We used the full model of three-way ANOVA to test whether different factors (GSR, whitening, classifier) or their interactions influence on the classification accuracy.

Results

The mean test accuracy ranging from 81.35% to 84.36% across all methods (Figure 1). Significant main effects were found for the GSR factor (F=7.14, P=0.0089, Table 1), with higher classification accuracy observed for the GSR groups. No other significant main effects or interactions were found.

Discussion

The improvement of classification accuracy implies the GSR has increased the separability of two groups in both the original feature space (suggested by the LR and the linear-SVM) and the nonlinearly transformed feature space (suggested by the MLP and the RBF-SVM). The results offered a suggestion for neural network classifiers to improve classification performance, considering the nonlinear classifiers work as ‘black boxes’ and the classification performance is more concerned than the interpretation. The results have some limitation on the use of sample and whitening methods. The results could be different in other binary classification cases since the sample we used only includes schizophrenia patients and normal controls. We used the regression methods for whitening to keep the input dimension same as not whitened feature, which could be different using feature dimension reduction methods.

Conclusion

The GSR improves the FC-based classification accuracy.

Acknowledgements

No acknowledgement found.

References

1. Ciric, R., et al., Benchmarking of participant-level confound regression strategies for the control of motion artifact in studies of functional connectivity. Neuroimage, 2017. 154: p. 174-187.

2. Saad, Z.S., et al., Trouble at rest: how correlation patterns and group differences become distorted after global signal regression. Brain Connect, 2012. 2(1): p. 25-32.

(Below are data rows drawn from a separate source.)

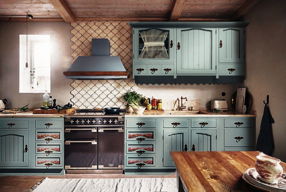 Угловая кухня Монтанья из натурального дерева с фигурной балюстрадой
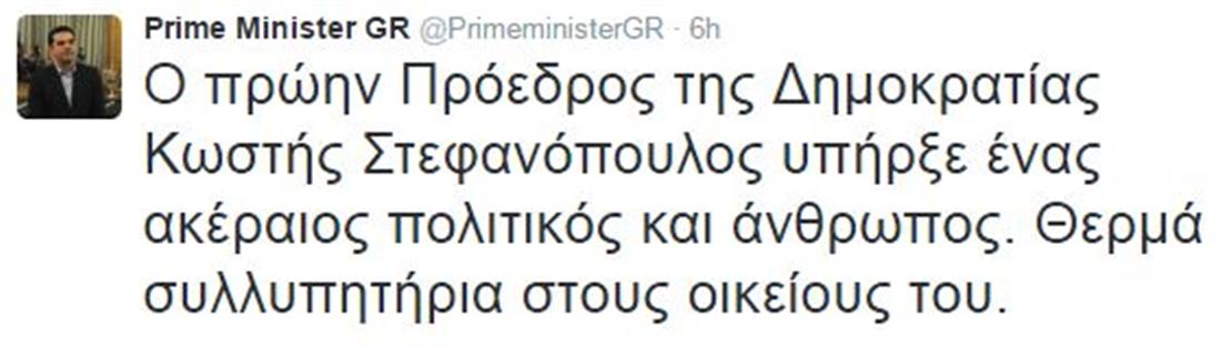 Ο Πρωθυπουργός σε ανάρτησή του στο Twitter αναφέρει: "Ο πρώην Πρόεδρος της Δημοκρατίας Κωστής Στεφανόπουλος υπήρξε ένας ακέραιος πολιτικός και άνθρωπος. Θερμά συλλυπητήρια στους οικείους του".
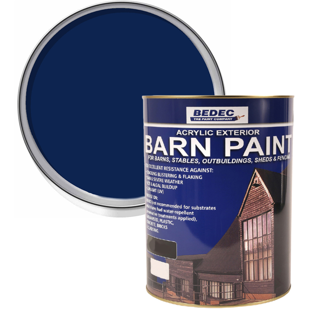 Protect various exterior structures with this versatile and durable Bedec Barn Paint. Resistant to cracking, blistering and flaking, it's a great self-priming paint for barns, outbuildings, and industrial buildings. Its acrylic formula offers excellent colour retention, flexibility, and resistance to flaking and blistering. It can be applied quickly in multiple coats, making it ideal for restoration projects and general maintenance. Developed for barn restoration, this paint has proven to be a superior alternative to traditional tar-based coatings. Colour: Deep Blue. Finish: Semi Gloss. Size: 2.5L.
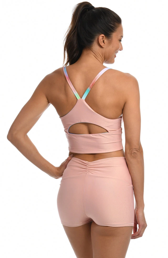Whether hitting the barre or heading to the beach, this bralette midkini will keep you swimming pretty from sunrise to sunset. Reversible for double the options, it’s styled with sporty racerback straps.
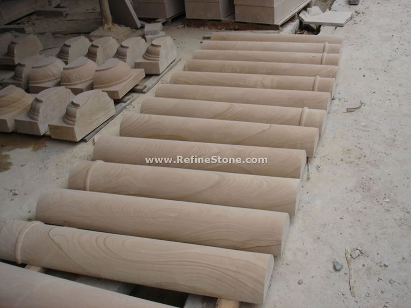 Natural sandstone is a sedimentary rock composed of mainly quartzes so it is often called quartz sandstone. In general, the sandstone has strong resistance to weathering. Iron content contained in sandstone formation contributes to common reddish colors. Natural sandstone was formed in in-land rivers or lakes, so it may contain certain visible fossils patterns. The most popular finish for cut sandstone is honed (matte) or raven, depending on the different applications. Sandstone can be quarried in large blocks and is commonly used in the architectural project where large scale exterior decoration is needed, e.g., bench, vase archway. Sandstone can also be used to make columns, fireplaces, pavers and wall bricks.
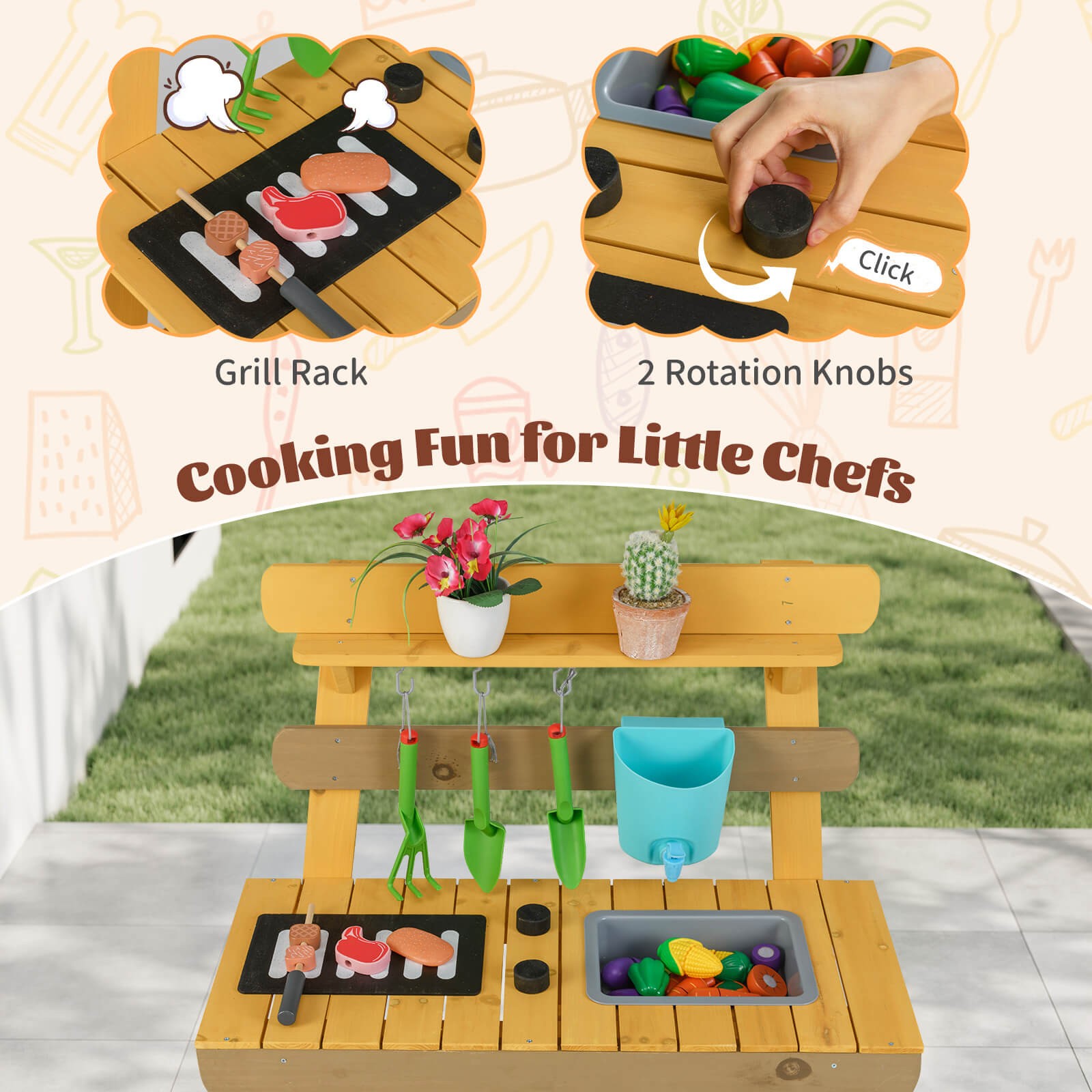 Play Kitchen for Kids with Removable Faucet Sink Grill Rack Rotation Knobs

3. Fox, M.D., et al., The global signal and observed anticorrelated resting state brain networks. J Neurophysiol, 2009. 101(6): p. 3270-83.

4. Murphy, K., et al., The impact of global signal regression on resting state correlations: are anti-correlated networks introduced? Neuroimage, 2009. 44(3): p. 893-905.

5. Fan, L., et al., The Human Brainnetome Atlas: A New Brain Atlas Based on Connectional Architecture. Cereb Cortex, 2016. 26(8): p. 3508-26.

6. Xu, K., et al., BRANT: A Versatile and Extendable Resting-State fMRI Toolkit. Front Neuroinform, 2018. 12: p. 52.

Figures

Figure 1. Bar plot of classification accuracy. Error-bars were calculated as the standard error of 7 sites’ test accuracy. noGSR: without GSR. whitening: with whitening.

Table 1. Source: source of variance. Sum Sq.: sum of squares. D.f.: Degree of Freedom. F: F value. Prob>F: P value. *: P<0.05.